Accordingly, they do not include all of the information and
footnotes required by generally accepted accounting principles
for complete financial statements. In the opinion of
management, all adjustments (consisting of normal recurring and
certain nonrecurring accruals) considered necessary for a fair
presentation have been included. Operating results for the
three and six month periods ended June 30, 1997 are not
necessarily indicative of the results that may be expected for
the year ended December 31, 1997. For further information, refer
to the consolidated financial statements and footnotes thereto
included in the Heartland Express, Inc. and Subsidiaries
("Heartland" or the "Company") annual report on Form 10-K for
the year ended December 31, 1996.
Note 2. Income Taxes
Income taxes for the three and six month periods ended June 30,
1997 are based on the Company's estimated effective tax rates.

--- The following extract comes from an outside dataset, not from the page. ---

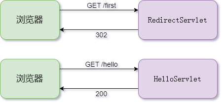 如果浏览器发送GET /first请求,RedirectServlet将处理此请求。由于RedirectServlet在内部又发送了重定向响应,因此,浏览器会收到如下响应:

The rate for the three and six month periods ended June 30, 1997
and 1996 was 37%.
Note 3. Subsequent Event
On July 14, 1997, the Company acquired the outstanding stock of
A & M Express, Inc., a Kingsport, Tennessee based truckload
motor carrier. The acquisition will be accounted for by the
purchase method of accounting. A & M Express, Inc. reported
gross revenues for 1996 of approximately $28 million.
<PAGE>
-6-
Item 2. Management's Discussion and Analysis of Financial
Condition and Results of Operations.
The following is a discussion of the results of operations of
the quarter and six months ended June 30, 1997 compared with the
same periods in 1996, and the changes in financial condition
through the second quarter of 1997.
Results of Operations:
Operating revenue increased 10.1% to $65.4 million in the second
quarter of 1997 from $59.4 million in the second quarter of
1996. Operating revenue for the six months ended June 30, 1997,
(the "1997 Period") increased 10.1% to $125.3 million from
$113.7 million for the six months ended June 30, 1996 (the "1996
Period"). In both periods, the revenue increase was
attributable to the Company's expansion of the customer base as
well as increased business volume from existing customers.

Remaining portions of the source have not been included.